An exact copy of all the data, minus the images, is required.

* Data below
+ + + +
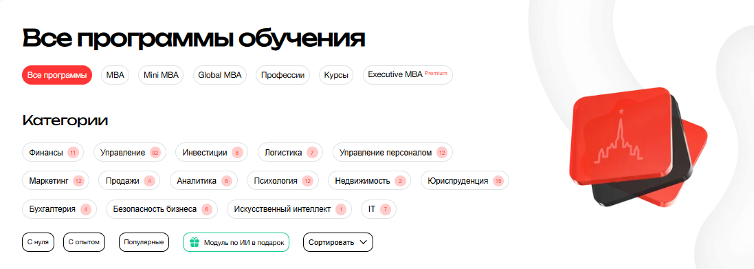 Образовательный проект MoscowMBA предлагает студентам большой выбор программ для обучения по разным категориям:
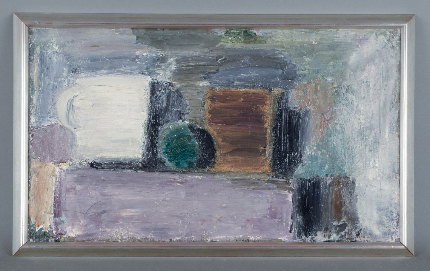 Kjell Högström (1930-2012) , Swedish artist. Modernist still life. Mid-20th century. Signed. Exhibition label on the back. Overall dimensions: W 76.0 cm x H 46.0 cm.
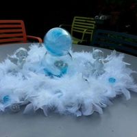 Bonjour les mariées (és) ! Que pensez-vous de mon centre de table ? Notre thème : angle bulle plume avec pour couleur bleu (notre couleur préférés) gris et blanc
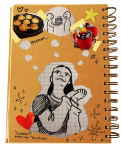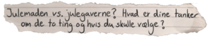 Yasmeen: Maden. Som Anne nævner er processen bag maden – at handle ind, tilberede, spise og rydde op – langt mere hyggelig og jule-agtig end processen bag julegaverne.
+ + + +
* Expected answer
 Образовательный проект MoscowMBA предлагает студентам большой выбор программ для обучения по разным категориям:
 Kjell Högström (1930-2012) , Swedish artist. Modernist still life. Mid-20th century. Signed. Exhibition label on the back. Overall dimensions: W 76.0 cm x H 46.0 cm.
 Bonjour les mariées (és) ! Que pensez-vous de mon centre de table ? Notre thème : angle bulle plume avec pour couleur bleu (notre couleur préférés) gris et blanc
 Yasmeen: Maden. Som Anne nævner er processen bag maden – at handle ind, tilberede, spise og rydde op – langt mere hyggelig og jule-agtig end processen bag julegaverne.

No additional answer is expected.